А мы были маленькими дикарями, которые намного превосходили в жестокости своих кумиров - дерзких гангстеров. Но хотя я и утратил эту способность - присваивать себе то, что является украшением наших авторитетов, - ничего удивительного, что в самом начале моего пребывания в карцере, набрасывая на бумажном пакете свой портрет, чтобы подарить его Булькену, я, даже не отдавая себе в том отчета, пририсовал себе широкие плечи и стал похож на силача. Я наделил себя на портрете выпуклой мускулатурой, которая, как мне казалось, должна была у меня быть. Чтобы мне развенчать себя, понадобится смерть Булькена и осознание всех его предательств.

Итак, Колония воздействовала на человека, каким я мог бы стать. Нужно понять, что же такое это "дурное влияние", о котором говорят воспитатели, медленно действующий яд, задержавшийся цветением росток, который вдруг неожиданно распускается. Мой поцелуй Вильруа и поцелуй того вора сделали свое дело, потому что я был потрясен своим открытием: оказалось, что у каждого мужчины был свой мужчина, что обитатели этого мира, в котором царили законы мужественной красоты и силы, любили друг друга и были звеньями, образующими гирлянды из цветов - сильных, искривленных или жестких, покрытых шипами. Я догадывался о существовании этого удивительного мира. Любой наш сутенер все равно оказывался женщиной для другого - того, кто был сильнее и красивее его. Удаляясь от меня, они были женщинами все меньше и меньше, пока не появлялся настоящий, полноценный самец, который владычествовал над ними всеми, царил на своей галере, и член его, такой прекрасный, тяжелый и недоступный, под видом каменщика шествовал по двору Колонии. Аркамон! Я оказался на другом конце этой гирлянды, и все бремя мужественности этого мира я нес на своих согнутых плечах, когда Вильруа проникал в меня своим орудием. Похожее на это опьянение я испытал, когда узнал, что Эрсир был на исправлении в Аньяне.

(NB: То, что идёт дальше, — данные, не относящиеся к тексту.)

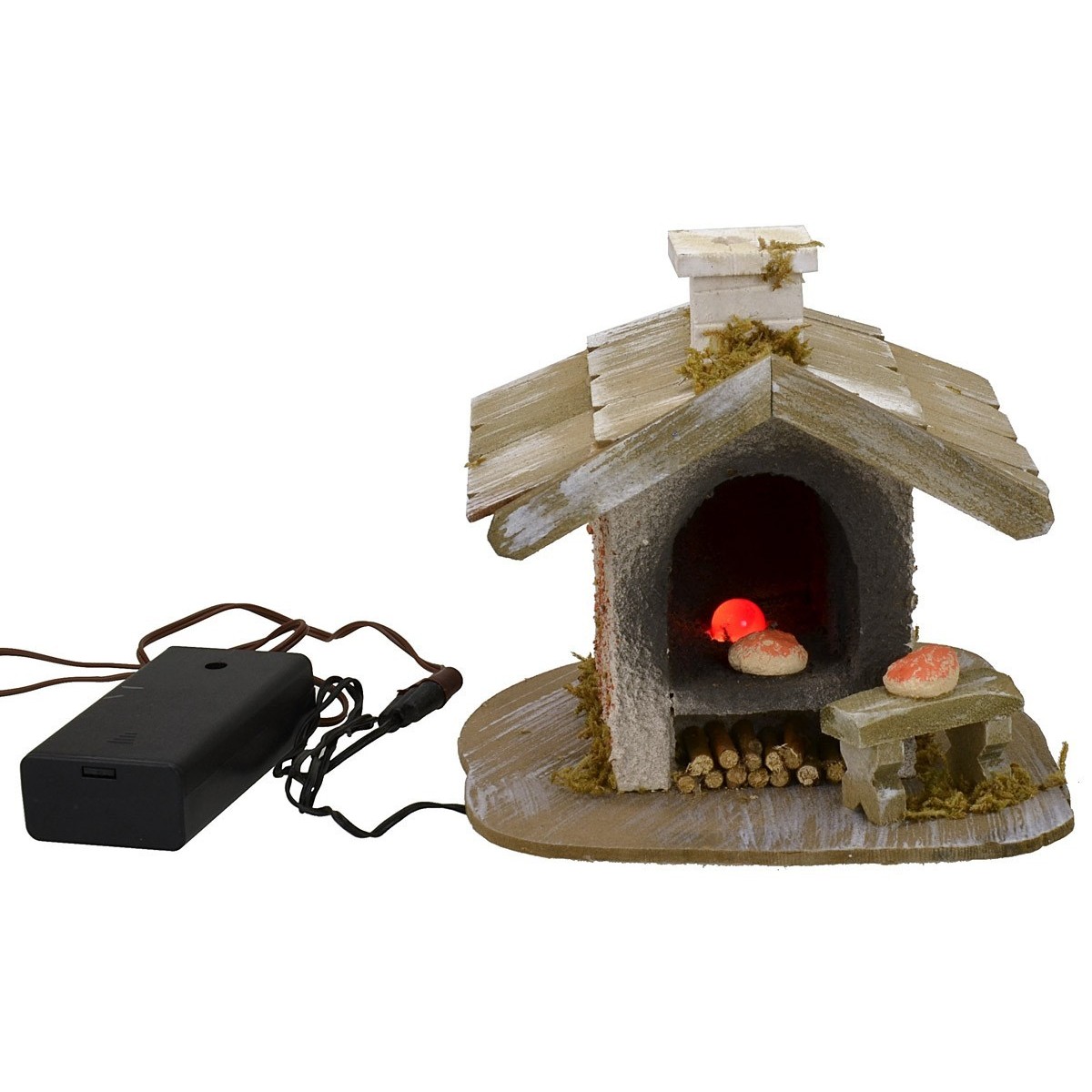 Forno per panettiere consigliato per statue di altezza 6-6,5 cm. L'articolo è ricco di dettagli: della legna accatastata sotto al camino e due pagnotte pronte ad essere infornate. Il forno si presenta molto caratteristico ed è dotato di luce rossa fissa completo di portabatterie (2xAA non incluse) con pulsante per accensione e spegnimento. Per quanto riguarda la luce rossa fissa, se si desidera rendere pulsante la luce è consigliato l'acquisto della multipresa che crea l'effetto fuoco inoltre se si desiderasse alimentare il fuoco con l'alimentatore con multipresa a 3,5 volt, entrambi i prodotti sono disponibile nei correlati situati sotto la tabella. Il prodotto è realizzato artigianalmente in Italia con legno, sughero, muschio.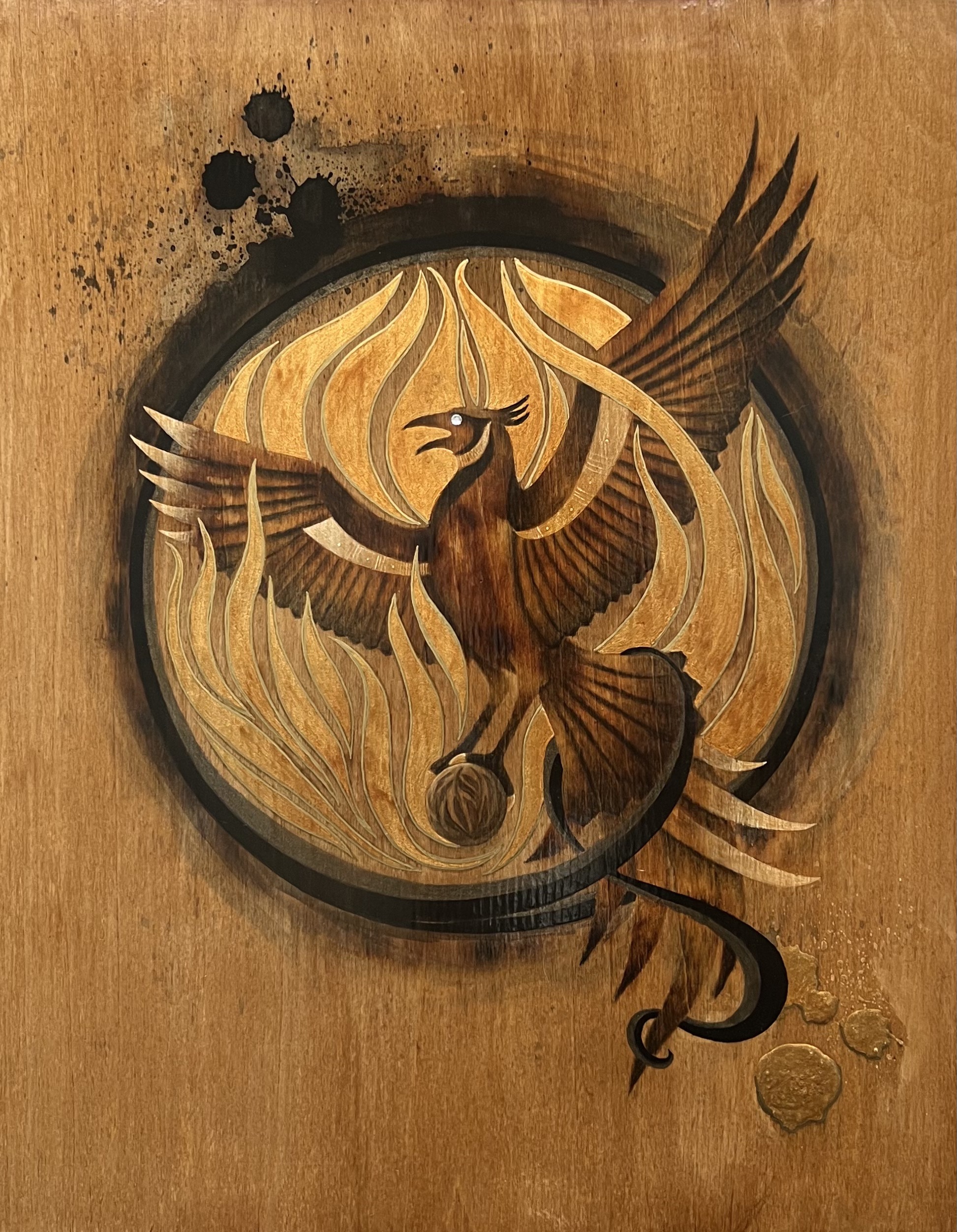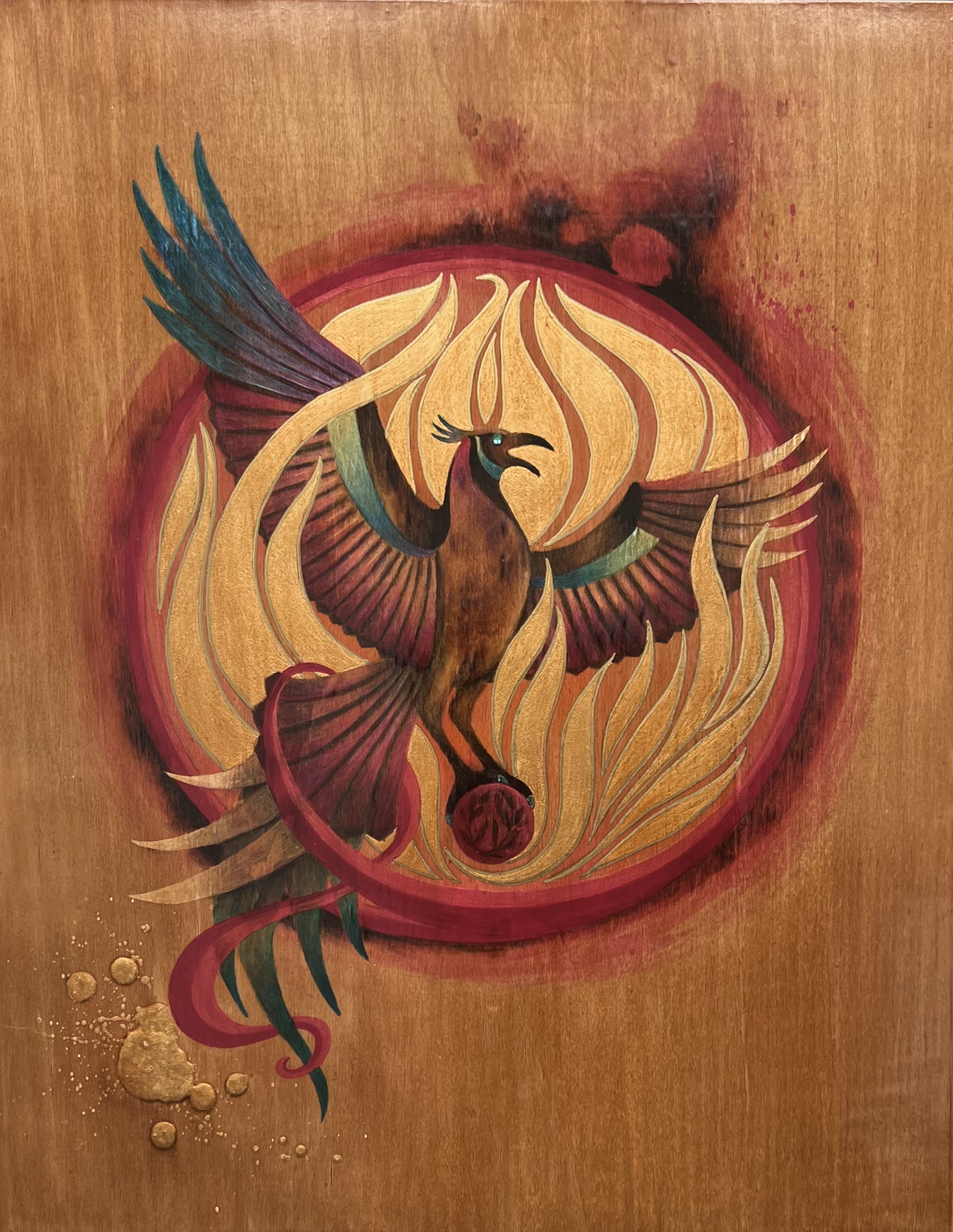 The form of the bird is influenced by my love of the ancient Egyptian styles, specifically that of Horus, the falcon god who carries the sun and moon across the sky. Here the ball carried by the phoenix is the remains of its former self which it carries back to heaven to place on the altar within the sacred temple’s holy shrine — thus it becomes a gift bearer. I burned the bird onto the wooden panel of this piece using lemon juice and a torch — a fitting method to use in the creation of a phoenix.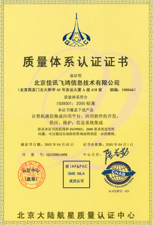 經(jīng)過近半年時間的建立和保持質(zhì)量體系運行,佳訊飛鴻于在2002年3月順利的通過為期三天的嚴格審核,并重點對佳訊公司核心技術(shù)的CTI平臺進行審核。2002年4月2日通過了ISO國際組織的新體系標準ISO9001:2000的體系認證,取得了通過該標準的認證證書。佳訊飛鴻公司也成為國內(nèi)第一家對CTI平臺進行審核并通過認證的公司。其完成標志著公司從成立之時起即嚴格遵循國際企業(yè)標準及現(xiàn)代企業(yè)管理模式,以軟件產(chǎn)品質(zhì)量管理體系為載體,以客戶需求為導向。全面提高產(chǎn)品、服務質(zhì)量,順應不斷變化的技術(shù)發(fā)展方向和市場變化,在質(zhì)量、技術(shù)、成本和交期等方面全力滿足客戶需求,為客戶提供最佳性價比的產(chǎn)品和服務。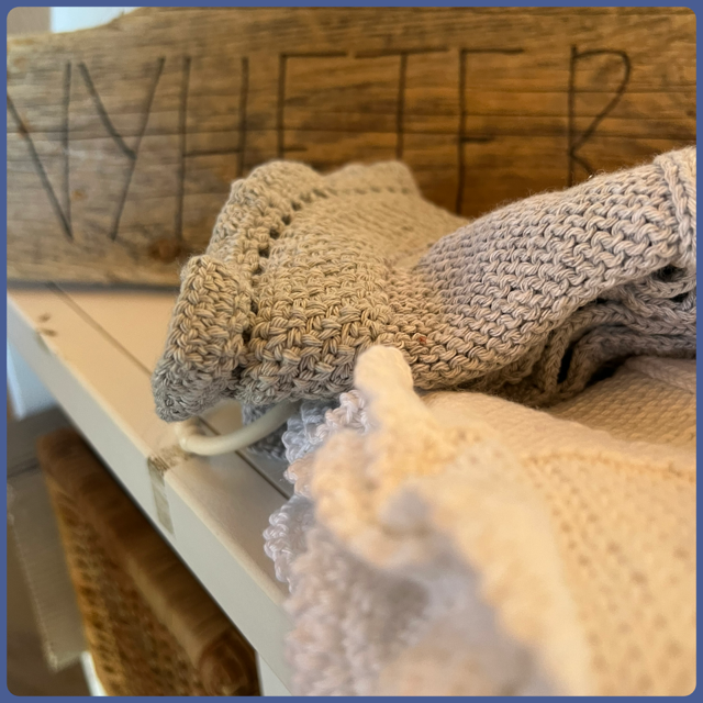 Handgjord filt med bitring, 100 % bomull och barnvänlig bitring. Finns en vit med liten kart runtom och en i två olika grå toner med en bredare kant runtom . Egen design av båda.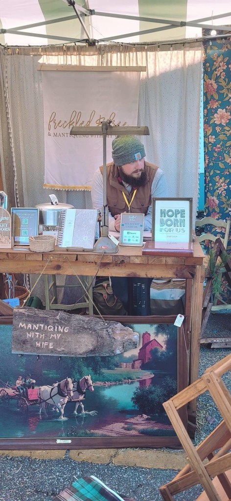 We sold ugly Christmas sweaters for the first time and they went off with a big hit, we sold all the mini lit up Christmas trees we had picked, the large vintage cart, the burnt orange rocker, many, many smalls, Freckled & Free custom jarred winter scenes and frames, Hosanna Revival 2024 Planners, bibles and notebooks and so much more. We talked to sooo many of you and heard some of your amazing stories. At the end of the day it was a joy. All the hard work to accomplish it was worth it. Thank you for supporting us and finding beauty in what we find beauty in. We pray your 2024 is as swell as you are. And we’ll give a hats off to more pickin’ and grinning’ in 2024.
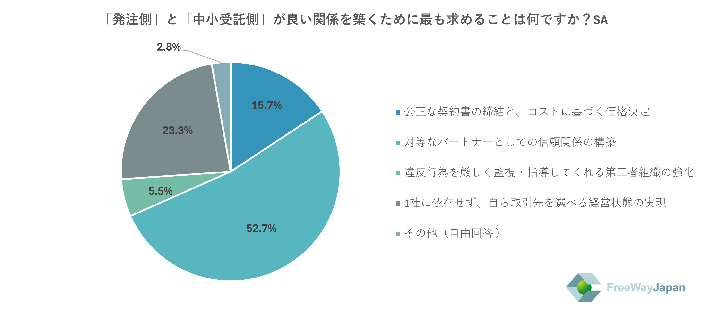 「発注側」と「中小受託側」が良い関係を築くために最も求めることは何か聞いたところ、「対等なパートナーとしての信頼関係の構築」が52.7%、「1社に依存せず、自ら取引先を選べる経営状態の実現」が23.3%、「公正な契約書の締結と、コストに基づく価格決定」が15.7%、「違反行為を厳しく監視・指導してくれる第三者組織の強化」が5.5%、「その他(自由回答)」が2.8%という結果だった。

Аньян был колонией строгого режима, окруженной толстыми неприступными стенами, впрочем, как и Эйс. Нам были знакомы все особенности подобных учреждений, потому что в Меттре мы разговаривали только о том, что имело отношение к тюрьмам и каторгам. Мы рассказывали друг другу: "Говорят, такой-то теперь в Бель-Иль", "А такой-то в Аньяне". И все эти имена, которые могли бы внушить ужас или привести в восторг какого-нибудь мальчика из воскресной школы, мы произносили запросто, с такой восхитительной небрежностью, с какой житель Сингапура говорил: "Я поеду через Сурабаю". Атмосфера в колонии Аньян была еще более гнетущей, чем наша, и все из-за тех стен, и дети, которые взращивались там, казались нам совсем не похожими на тех, что были здесь, другая растительность их венчала, другие ветви служили продолжением их рук, другие цветы росли у них под ногами, но они все же были колонистами, как и мы, как я, и я, сам вышедший с каторги, люблю того, кто вышел с каторги, который любит того, кто вернулся на каторгу, который любит того, кто вышел с каторги…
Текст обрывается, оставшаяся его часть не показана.